支持連續變量和類別變量，類別變量就是某個屬性有三個值,a,b,c，需要用Feature Transformers中的vectorindexer處理

上來是一堆參數

setMaxDepth：最大樹深度

setMaxBins：最大裝箱數，為了近似統計變量，比如變量有100個值，我只分成10段去做統計

setMinInstancesPerNode：每個節點最少實例

setMinInfoGain：最小信息增益

setMaxMemoryInMB：最大內存MB單位，這個值越大，一次處理的節點划分就越多

setCacheNodeIds：是否緩存節點id，緩存可以加速深層樹的訓練

setCheckpointInterval：檢查點間隔，就是多少次迭代固化一次

setImpurity：隨機森林有三種方式，entropy，gini,variance,回歸肯定就是variance

setSubsamplingRate：設置采樣率，就是每次選多少比例的樣本構成新樹

setSeed：采樣種子，種子不變，采樣結果不變

setNumTrees：設置森林里有多少棵樹

setFeatureSubsetStrategy：設置特征子集選取策略，隨機森林就是兩個隨機，構成樹的樣本隨機，每棵樹開始分裂的屬性是隨機的，其他跟決策樹區別不大，注釋這么寫的

* The number of features to consider for splits at each tree node.
* Supported options:
* - "auto": Choose automatically for task://默認策略
* If numTrees == 1, set to "all." //決策樹選擇所有屬性
* If numTrees > 1 (forest), set to "sqrt" for classification and //決策森林分類選擇屬性數開平方，回歸選擇三分之一屬性
* to "onethird" for regression.
* - "all": use all features
* - "onethird": use 1/3 of the features
* - "sqrt": use sqrt(number of features)
* - "log2": use log2(number of features) //還有取對數的
* (default = "auto")
*
* These various settings are based on the following references:
* - log2: tested in Breiman (2001)
* - sqrt: recommended by Breiman manual for random forests
* - The defaults of sqrt (classification) and onethird (regression) match the R randomForest
* package.

參數完畢，下面比較重要的是這段代碼

val categoricalFeatures: Map[Int, Int] =
MetadataUtils.getCategoricalFeatures(dataset.schema($(featuresCol)))

這個地比較蛋疼的是dataset.schema($(featuresCol))

/** An alias for [[getOrDefault()]]. */
protected final def $[T](param: Param[T]): T = getOrDefault(param)

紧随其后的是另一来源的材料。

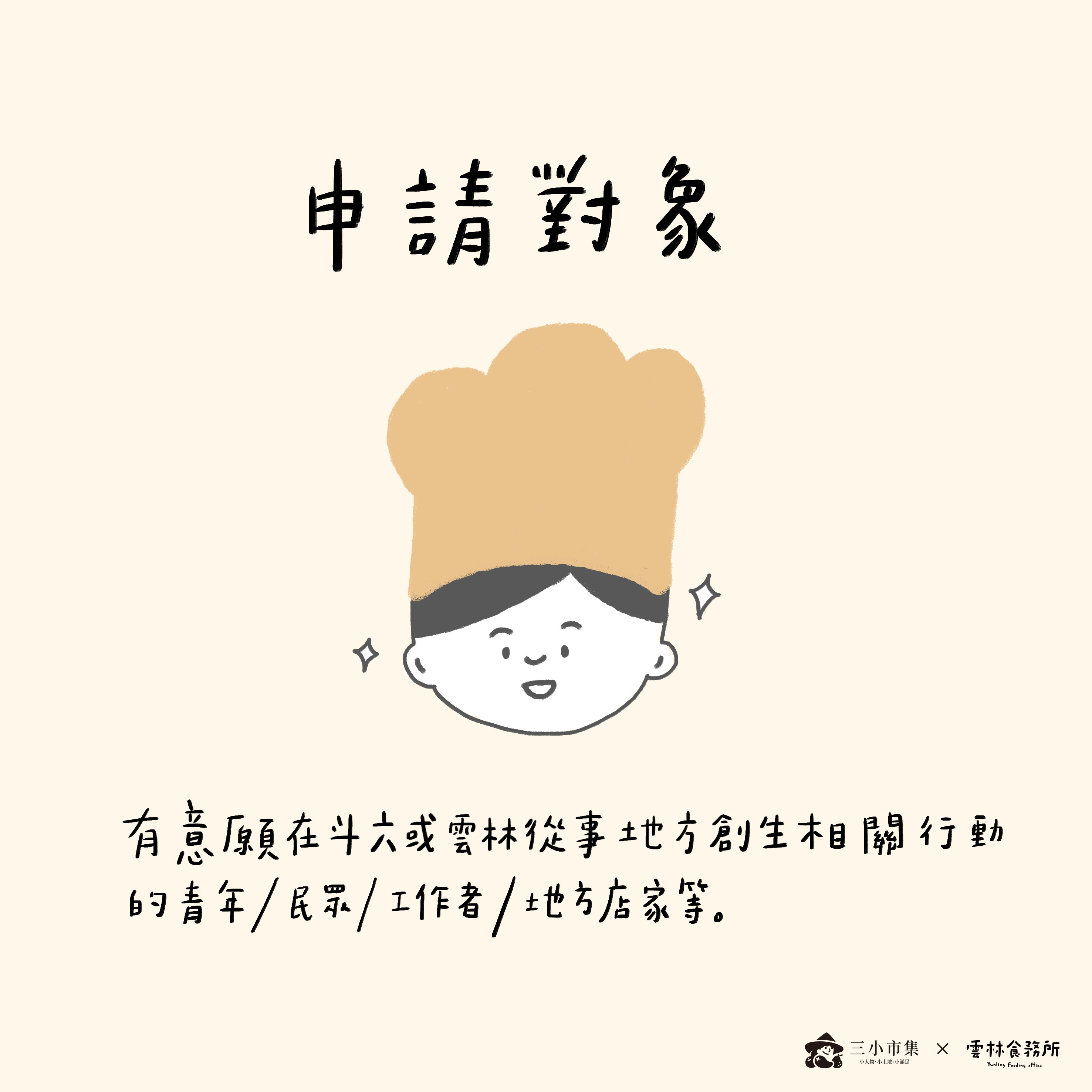 有意願於斗六或是雲林地區從事或進行地方創生相關行動之青年/民眾/工作者/地方店家等,或與雲林地區食產業合作者(原居住地不限,但行動需位於雲林或與雲林產業有相關)。

這段代碼說明了$(featuresCol))只是求出一個字段名，實戰中直接data.schema("features") ，data.schema("features")出來的是StructField，

case classStructField(name: String, dataType: DataType, nullable: Boolean = true, metadata: Metadata = Metadata.empty) extendsProduct with Serializable

StructField包含四個內容，最好知道一下，機器學習代碼很多都用

回頭說下getCategoricalFeatures，這個方法是識別一個屬性是二值變量還是名義變量，例如a,b就是二值變量，a,b,c就是名義變量，最終把屬性索引和變量值的個數放到一個map

這個函數的功能和vectorindexer類似，但是一般都用vectorindexer，因為實戰中我們大都從sql讀數據，sql讀出來的數據metadata是空，無法識別二值變量還是名義變量

后面是

val oldDataset: RDD[LabeledPoint] = extractLabeledPoints(dataset)
val strategy =
super.getOldStrategy(categoricalFeatures, numClasses = 0, OldAlgo.Regression, getOldImpurity)
val trees =
RandomForest.run(oldDataset, strategy, getNumTrees, getFeatureSubsetStrategy, getSeed)
.map(_.asInstanceOf[DecisionTreeRegressionModel])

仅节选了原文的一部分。